Clustering Analysis

Created by Star Yanxin Gao, last modified by Xuecai Zhang on Jul 03, 2018

Go to start of metadata

Why do we need to do clustering analysis in Galaxy GS pipeline? The main objective of clustering analysis or population structure analysis in GS is to estimate how many subgroups existing in the training population. Based the information of the number of subgroups in the training population, the user can implement a customized cross validations across the subgroups. The other potential application of using the clustering analysis/population structure analysis results is how to optimize the training population to do GEBV  prediction, according to the information of the number of subgroups existed in the training population, and the relatedness between the training and predicted populations (not functional now). 



Which kinds of clustering analysis are provided in Galaxy GS pipeline?

The major differences between  Hierarchical K-Means Clustering and Hybrid K-Means Clustering or K-Means Clustering?

Requirement of creating input files for running  Hierarchical K-Means Clustering and Hybrid K-Means Clustering or K-Means Clustering?

Set parameters  for running the cluster analysis: Distance Metric [hc.metric] (the distance measure to be used)  --  Method [hc.metric]  (the agglomeration method to be used)  --   Algorithm [km.algorithm]  (the algorithm to be used for kmeans)   ----   Number of clusters [k]  ((integer) the maximum number of iterations allowed for k-means)--- Iterations [iter]  ((integer) the maximum number of iterations allowed for k-means)

How to explain the results?

How to link the output results with the next steps, customized cross validation or customized training population for prediction.



In GS Galaxy pipeline, two kind of cluster analysis methods are provided, i.e.,  Hierarchical K-Means Clustering and Hybrid K-Means Clustering

K-means starts with a random choice of cluster centers, therefore it may yield different clustering results on different runs of the algorithm. Thus, the results may not be repeatable and lack consistency. However, with hierarchical clustering, you will most definitely get the same clustering results.

Off course, K-means clustering requires prior knowledge of K (or number of clusters), whereas in hierarchical clustering you can stop at whatever level (or clusters) you wish.

K-means (Chapter @ref(kmeans-clustering)) represents one of the most popular clustering algorithm. However, it has some limitations: it requires the user to specify the number of clusters in advance and selects initial centroids randomly. The final k-means clustering solution is very sensitive to this initial random selection of cluster centers. The result might be (slightly) different each time you compute k-means.
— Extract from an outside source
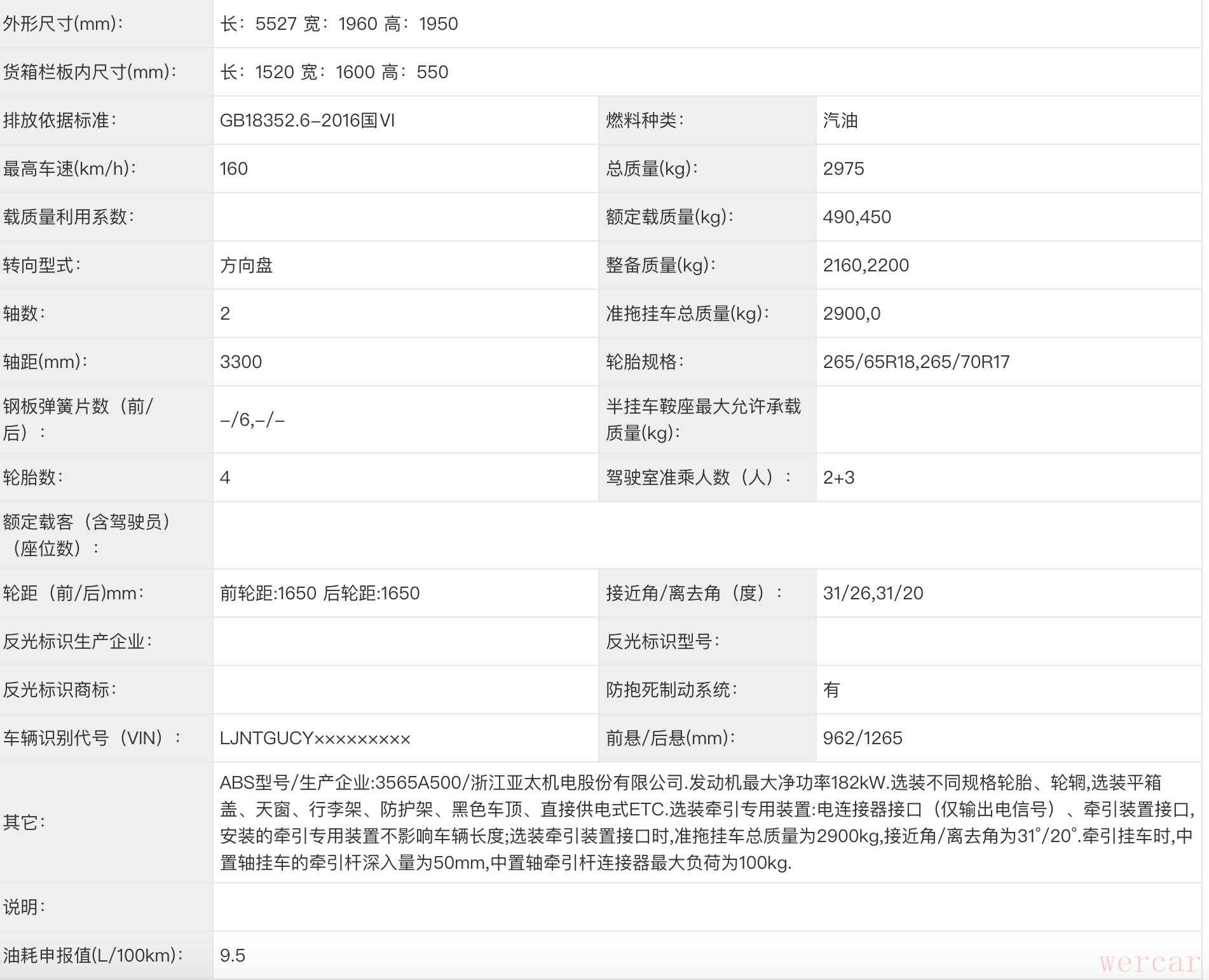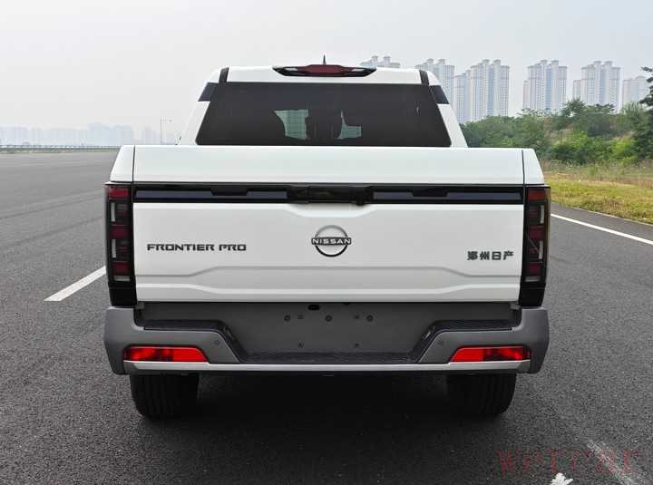 日产Frontier Pro尾部相比日产Frontier Pro PHEV取消贯穿式LED灯带和NISSAN字母标识,并调整为黑色贯穿式饰条和日产车标。目前该车仅在工信部申报有一种车身尺寸,具体长宽高分别为5527/1960/1950毫米,轴距为3300毫米,货箱栏板内长宽高分别为1520/1600/550毫米,额定载重质量在440-490公斤,部分车型具备2.9吨和3吨拖挂资质。

we described an hybrid method, named hierarchical k-means clustering (hkmeans), for improving k-means results. 



The algorithm is summarized as follow:

  1. Compute hierarchical clustering and cut the tree into k-clusters

  2. Compute the center (i.e the mean) of each cluster

  3. Compute k-means by using the set of cluster centers (defined in step 2) as the initial cluster centers

There are a number of important differences between k-means and hierarchical clustering, ranging from how the algorithms are implemented to how you can interpret the results.

The k-means algorithm is parameterized by the value k, which is the number of clusters that you want to create. As the animation below illustrates, the algorithm begins by creating centroids. It then iterates between an assign step (where each sample is assigned to its closest centroid) and an update step (where each centroid is updated to become the mean of all the samples that are assigned to it. This iteration continues until some stopping criteria is met; for example, if no sample is re-assigned to a different centroid.

The k-means algorithm makes a number of assumptions about the data, which are demonstrated in this scikit-learn example: demonstration of k-means assumptions. The most notable assumption is that the data is 'spherical,' see how to understand the drawbacks of K-means for a detailed discussion.



Agglomerative hierarchical clustering, instead, builds clusters incrementally, producing a dendogram. As the picture below shows, the algorithm begins by assigning each sample to its own cluster (top level). At each step, the two clusters that are the most similar are merged; the algorithm continues until all of the clusters have been merged. Unlike k-means, you don't need to specify a parameter: once the dendogram has been produced, you can navigate the layers of the tree to see which number of clusters makes the most sense to your particular application.